#### Aim of the exercise:
Exactly retype the lines from the top of the data through the line containing "Этикетка самоклеящаяся 105х148,5", leaving out every picture.

#### Given information:

[Start of Attachment]

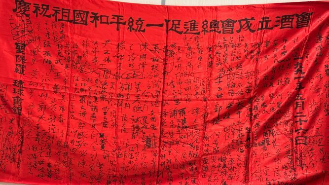 巴西中国和平统一促进总会捐赠的文物是1991年协会成立大会所有出席嘉宾的签名簿,上有罗大诚、杨绍才、陈国伟等前辈的签名;还有张无咎先生担任巴西侨报顾问的聘书,以及上世纪90年代华人开诊所使用的人体穴位模型。
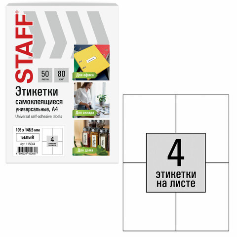 Этикетка самоклеящаяся 105х148,5 мм, 4 этикетки, белая, 80 г/м2, 50 листов, STAFF BASIC, 115644
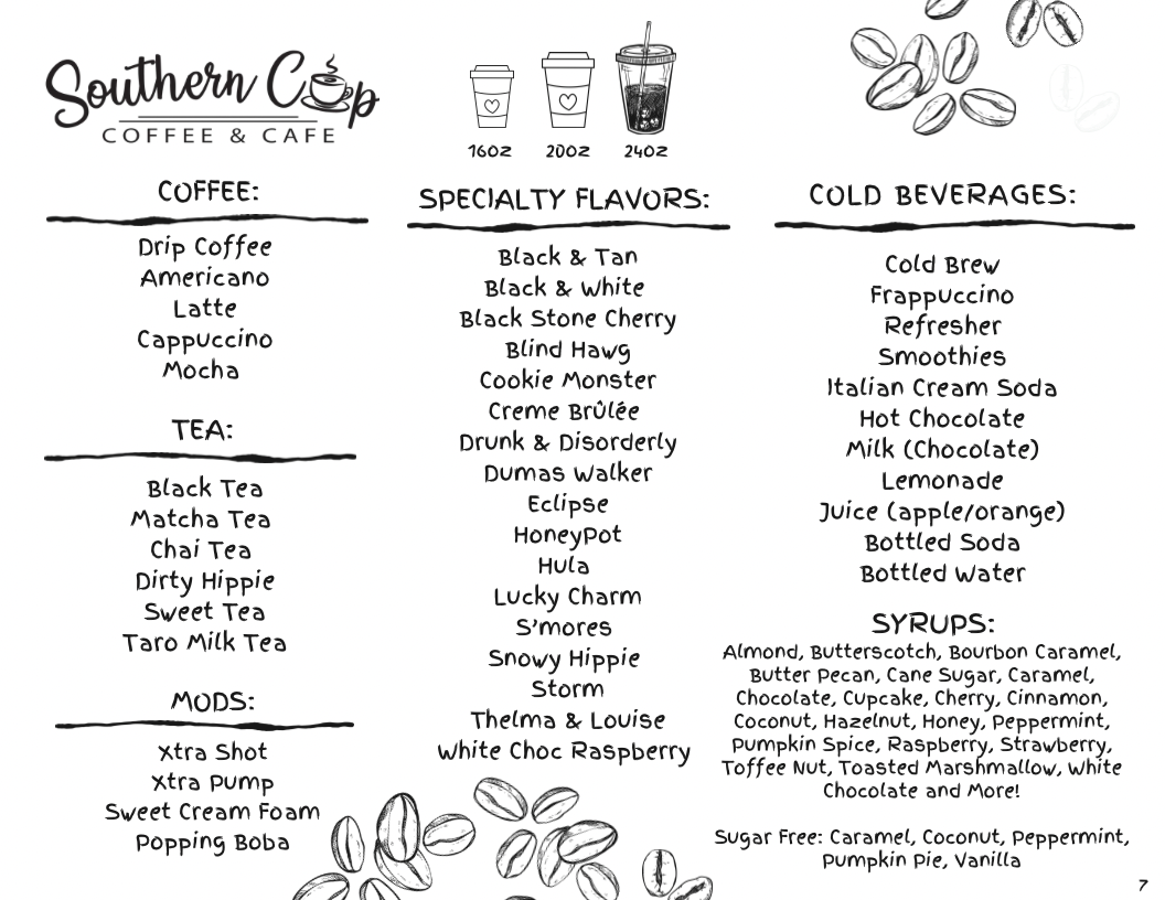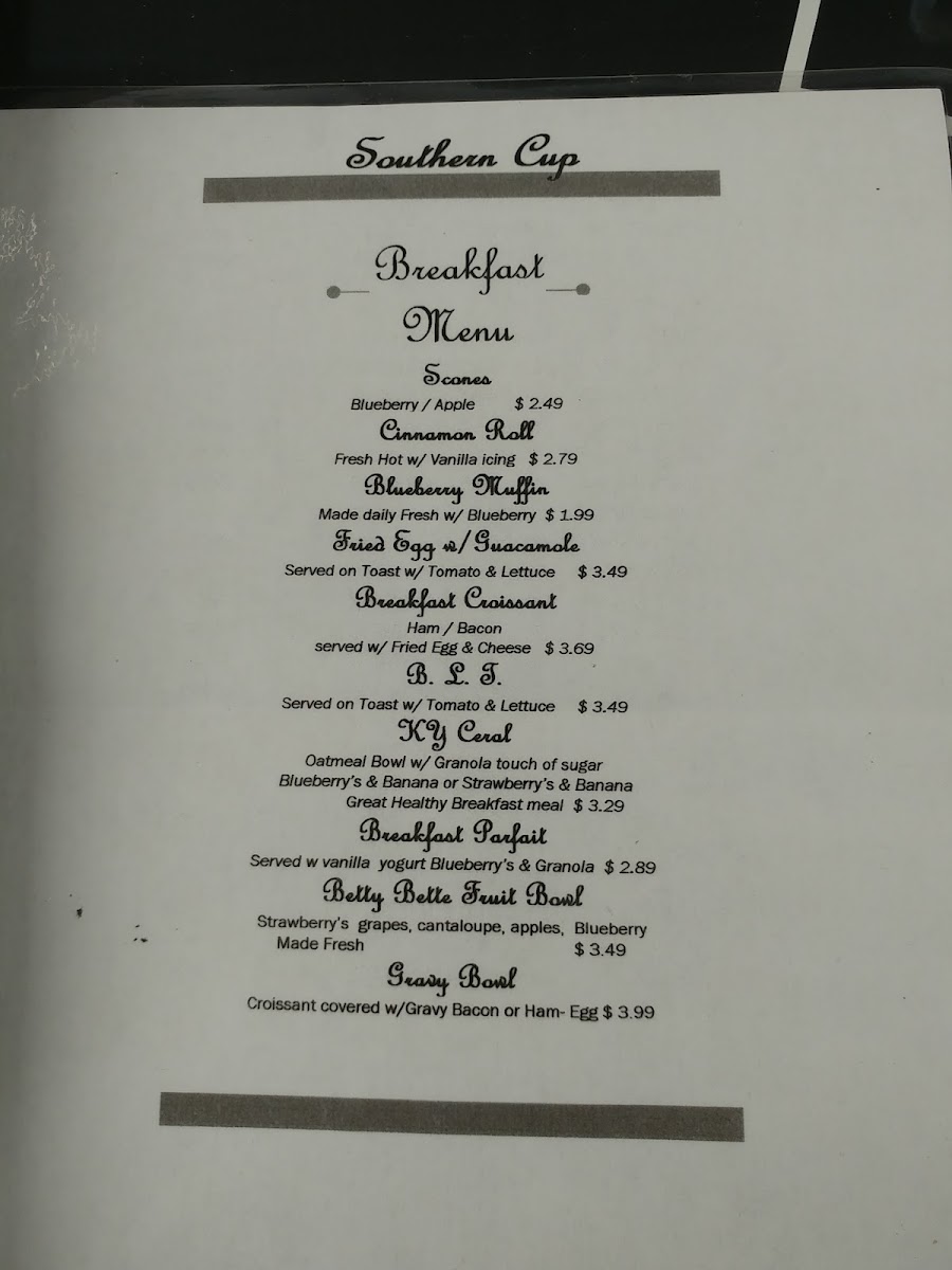 Welcome to Southern Cup Coffee & Cafe, a charming spot located at 800 W Main St, Glasgow, KY. This delightful cafe offers a menu rich in variety and comfort, perfect for all coffee lovers and food enthusiasts alike.

[End of Attachment]

#### Response below:
 巴西中国和平统一促进总会捐赠的文物是1991年协会成立大会所有出席嘉宾的签名簿,上有罗大诚、杨绍才、陈国伟等前辈的签名;还有张无咎先生担任巴西侨报顾问的聘书,以及上世纪90年代华人开诊所使用的人体穴位模型。
 Этикетка самоклеящаяся 105х148,5 мм, 4 этикетки, белая, 80 г/м2, 50 листов, STAFF BASIC, 115644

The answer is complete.